The formation of nanometer-sized structures remains a challenge that limits advances in many fields of nanotechnology such as fabrications of semiconductor integrated circuits (ICs), photonic band gap materials and magnetic storage devices. Emerging candidates to address the need for smaller features are ArF immersion lithography and extreme ultraviolet (EUV) lithography. E-beam lithography has further pushed the feature sizes down to sub 10 nm, but issues such as cost and low throughput still need to be addressed.
To date, several studies have reported block copolymer lithography by starting with a film of self-assembled poly(styrene-block-methyl methacrylate).
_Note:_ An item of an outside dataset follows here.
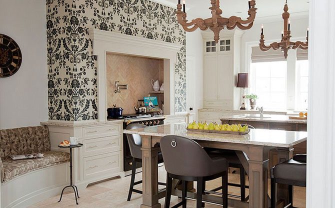1.Белые обои с неброским рисунком сделают вашу кухню светлой и спокойной.

In this system, one of the most common strategies to generate nanostructures in poly(styrene-block-methyl methacrylate) thin films is selective UV degradation and removal of poly(methyl methacrylate) microdomain. However, components of this block copolymer, polystyrene and poly(methyl methacrylate), have very low sensitivity to deep-UV and e-beam. Therefore, high irradiances are required to make nano-structured films.
Precise location of block copolymer patterns are performed only when a substrate is chemically or topographically modified, limiting the usefulness of this material in further patterning applications. Furthermore, this block copolymer cannot form small microdomains, which is also a crucial problem that limits development of block copolymer lithography.
Poly(α-methylstyrene-block-hydroxystyrene) has been used in block copolymer lithography. The poly(hydroxystyrene) block acts as a negative-tone photoresist and the second block made of poly(α-methylstyrene) can be selectively removed under UV irradiation in high vacuum conditions. However, multistep deep-UV irradiation and high vacuum conditions are required for selective removal of the poly(α-methylstyrene) block, which limits the usefulness of these materials in patterning processes.